Try it » Each line of the records has to be copied exactly, though the pictures must be left out.

Given information »
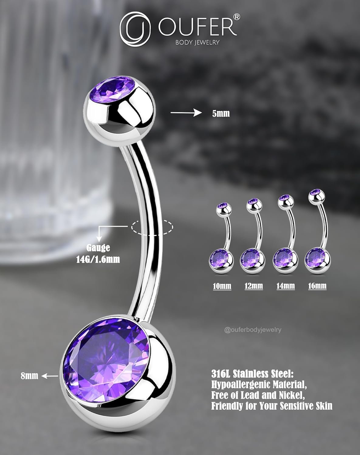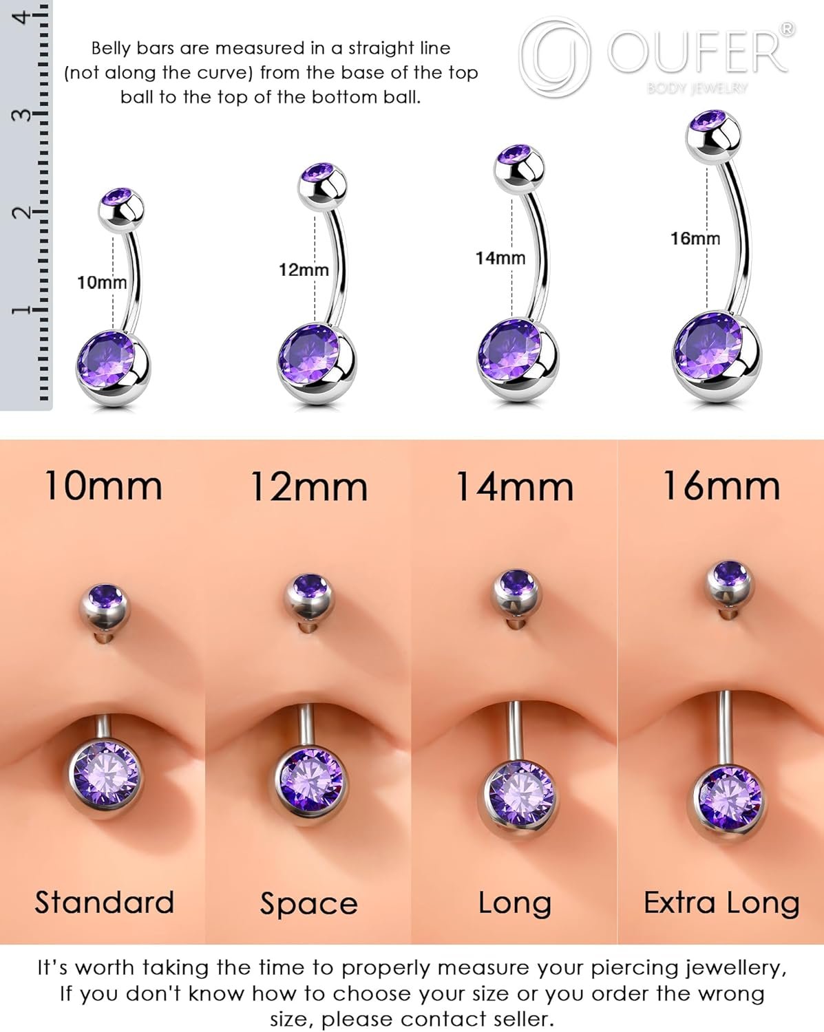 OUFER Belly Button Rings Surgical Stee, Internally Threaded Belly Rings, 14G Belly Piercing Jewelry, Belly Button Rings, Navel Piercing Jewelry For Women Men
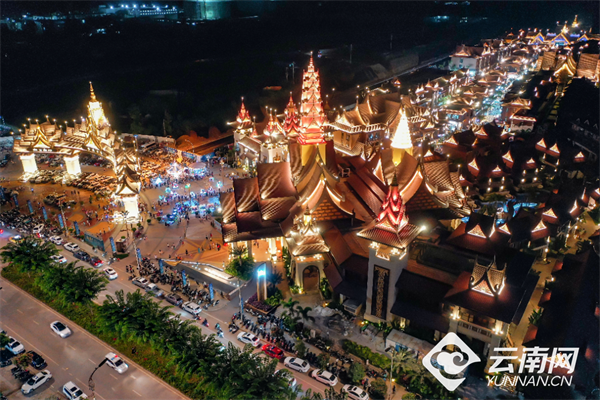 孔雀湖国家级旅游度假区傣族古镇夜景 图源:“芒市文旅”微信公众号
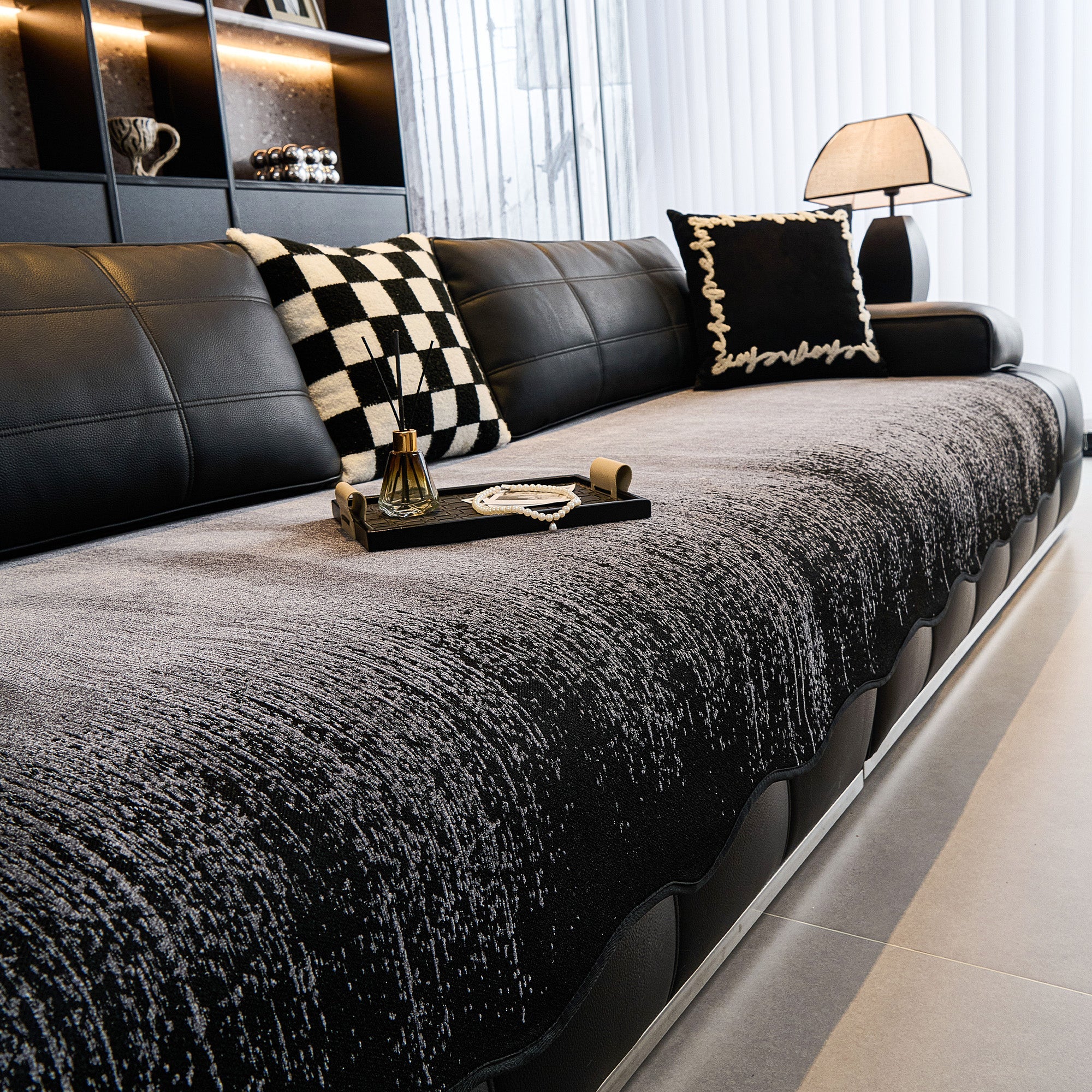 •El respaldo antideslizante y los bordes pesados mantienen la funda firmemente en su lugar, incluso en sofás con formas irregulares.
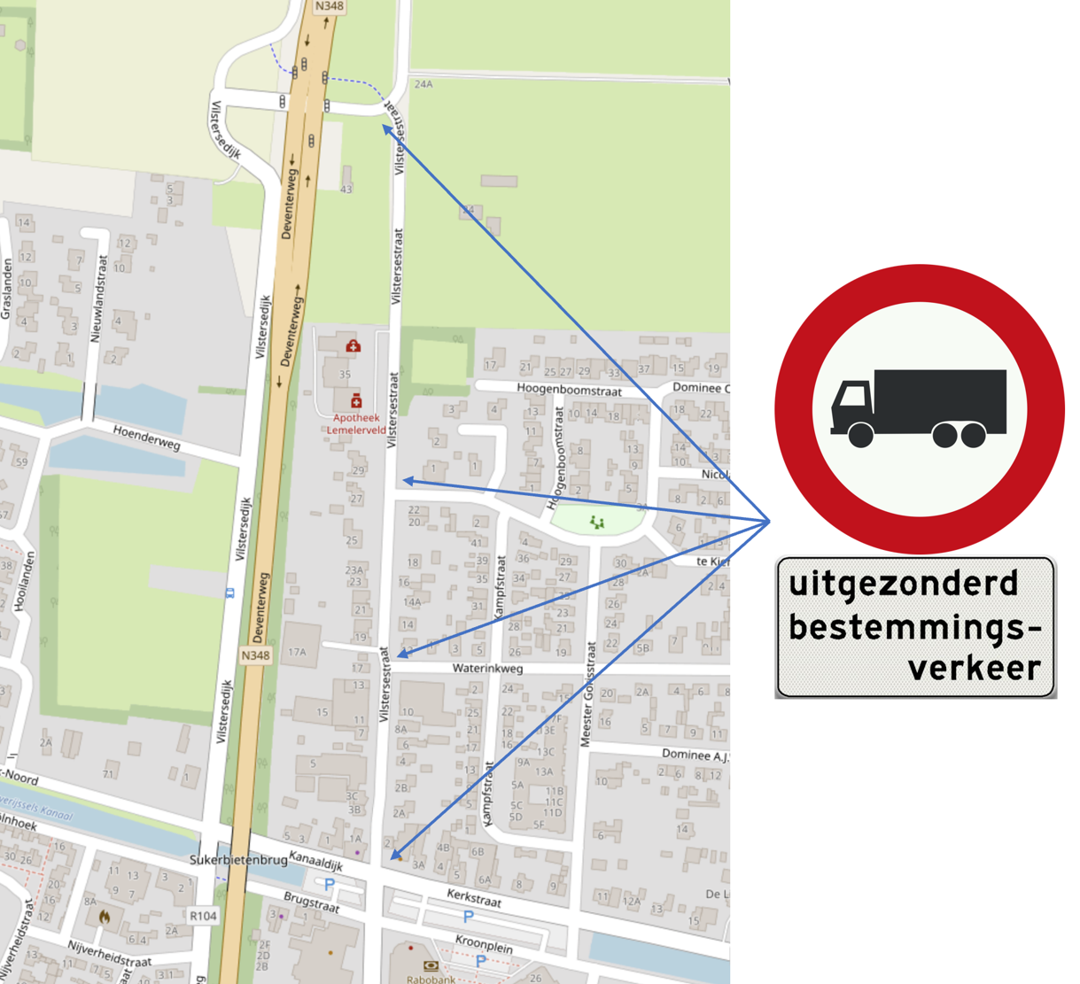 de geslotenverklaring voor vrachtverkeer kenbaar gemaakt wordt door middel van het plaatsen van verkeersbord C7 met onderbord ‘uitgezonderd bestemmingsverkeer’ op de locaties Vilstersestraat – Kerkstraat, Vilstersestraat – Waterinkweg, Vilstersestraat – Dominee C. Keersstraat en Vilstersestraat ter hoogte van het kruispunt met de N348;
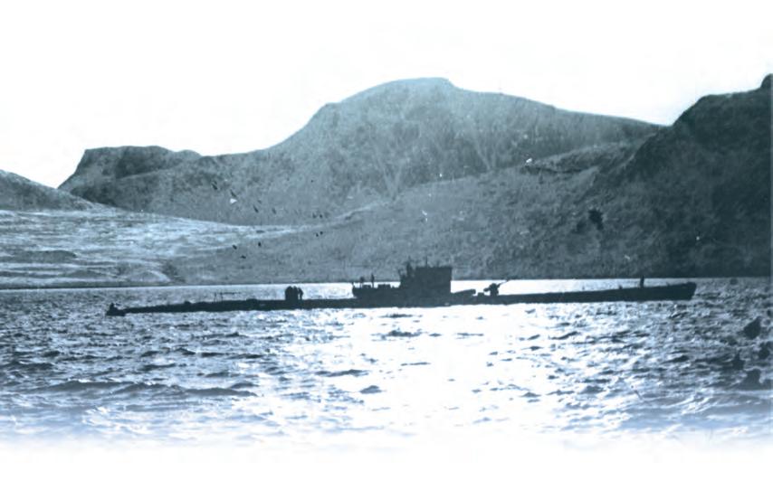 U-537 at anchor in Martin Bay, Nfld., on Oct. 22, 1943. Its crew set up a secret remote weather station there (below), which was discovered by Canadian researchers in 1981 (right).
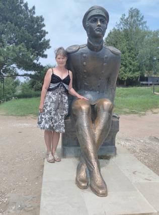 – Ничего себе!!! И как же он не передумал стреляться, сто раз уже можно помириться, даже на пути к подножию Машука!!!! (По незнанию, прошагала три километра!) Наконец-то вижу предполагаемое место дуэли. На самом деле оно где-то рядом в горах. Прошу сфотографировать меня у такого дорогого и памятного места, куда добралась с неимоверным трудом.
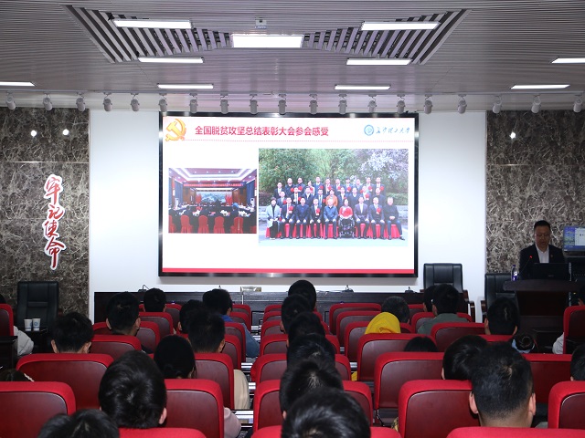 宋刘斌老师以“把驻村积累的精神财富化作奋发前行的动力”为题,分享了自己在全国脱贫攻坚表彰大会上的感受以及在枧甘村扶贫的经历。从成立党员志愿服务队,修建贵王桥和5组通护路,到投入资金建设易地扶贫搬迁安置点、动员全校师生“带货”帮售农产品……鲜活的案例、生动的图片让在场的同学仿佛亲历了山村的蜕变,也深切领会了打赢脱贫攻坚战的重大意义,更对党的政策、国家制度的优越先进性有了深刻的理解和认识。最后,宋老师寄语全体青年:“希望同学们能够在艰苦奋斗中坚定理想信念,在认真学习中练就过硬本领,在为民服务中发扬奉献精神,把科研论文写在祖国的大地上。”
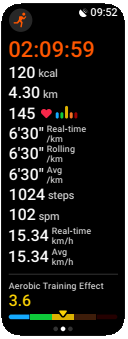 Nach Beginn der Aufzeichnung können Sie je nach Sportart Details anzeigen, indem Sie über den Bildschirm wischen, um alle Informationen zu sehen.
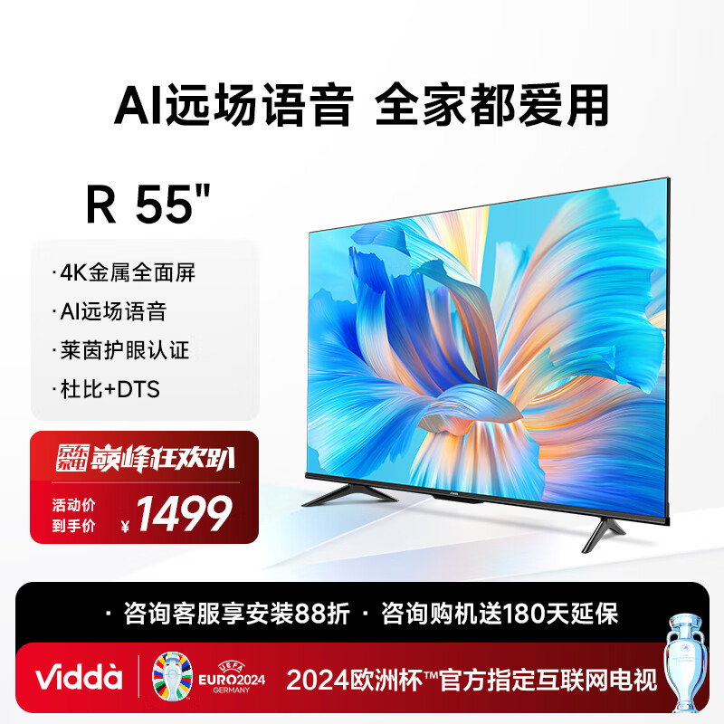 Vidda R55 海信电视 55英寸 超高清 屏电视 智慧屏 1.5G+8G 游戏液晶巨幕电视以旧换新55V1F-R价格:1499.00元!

Result »
 OUFER Belly Button Rings Surgical Stee, Internally Threaded Belly Rings, 14G Belly Piercing Jewelry, Belly Button Rings, Navel Piercing Jewelry For Women Men
 孔雀湖国家级旅游度假区傣族古镇夜景 图源:“芒市文旅”微信公众号
 •El respaldo antideslizante y los bordes pesados mantienen la funda firmemente en su lugar, incluso en sofás con formas irregulares.
 de geslotenverklaring voor vrachtverkeer kenbaar gemaakt wordt door middel van het plaatsen van verkeersbord C7 met onderbord ‘uitgezonderd bestemmingsverkeer’ op de locaties Vilstersestraat – Kerkstraat, Vilstersestraat – Waterinkweg, Vilstersestraat – Dominee C. Keersstraat en Vilstersestraat ter hoogte van het kruispunt met de N348;
 U-537 at anchor in Martin Bay, Nfld., on Oct. 22, 1943. Its crew set up a secret remote weather station there (below), which was discovered by Canadian researchers in 1981 (right).
 – Ничего себе!!! И как же он не передумал стреляться, сто раз уже можно помириться, даже на пути к подножию Машука!!!! (По незнанию, прошагала три километра!) Наконец-то вижу предполагаемое место дуэли. На самом деле оно где-то рядом в горах. Прошу сфотографировать меня у такого дорогого и памятного места, куда добралась с неимоверным трудом.
 宋刘斌老师以“把驻村积累的精神财富化作奋发前行的动力”为题,分享了自己在全国脱贫攻坚表彰大会上的感受以及在枧甘村扶贫的经历。从成立党员志愿服务队,修建贵王桥和5组通护路,到投入资金建设易地扶贫搬迁安置点、动员全校师生“带货”帮售农产品……鲜活的案例、生动的图片让在场的同学仿佛亲历了山村的蜕变,也深切领会了打赢脱贫攻坚战的重大意义,更对党的政策、国家制度的优越先进性有了深刻的理解和认识。最后,宋老师寄语全体青年:“希望同学们能够在艰苦奋斗中坚定理想信念,在认真学习中练就过硬本领,在为民服务中发扬奉献精神,把科研论文写在祖国的大地上。”
 Nach Beginn der Aufzeichnung können Sie je nach Sportart Details anzeigen, indem Sie über den Bildschirm wischen, um alle Informationen zu sehen.
 Vidda R55 海信电视 55英寸 超高清 屏电视 智慧屏 1.5G+8G 游戏液晶巨幕电视以旧换新55V1F-R价格:1499.00元!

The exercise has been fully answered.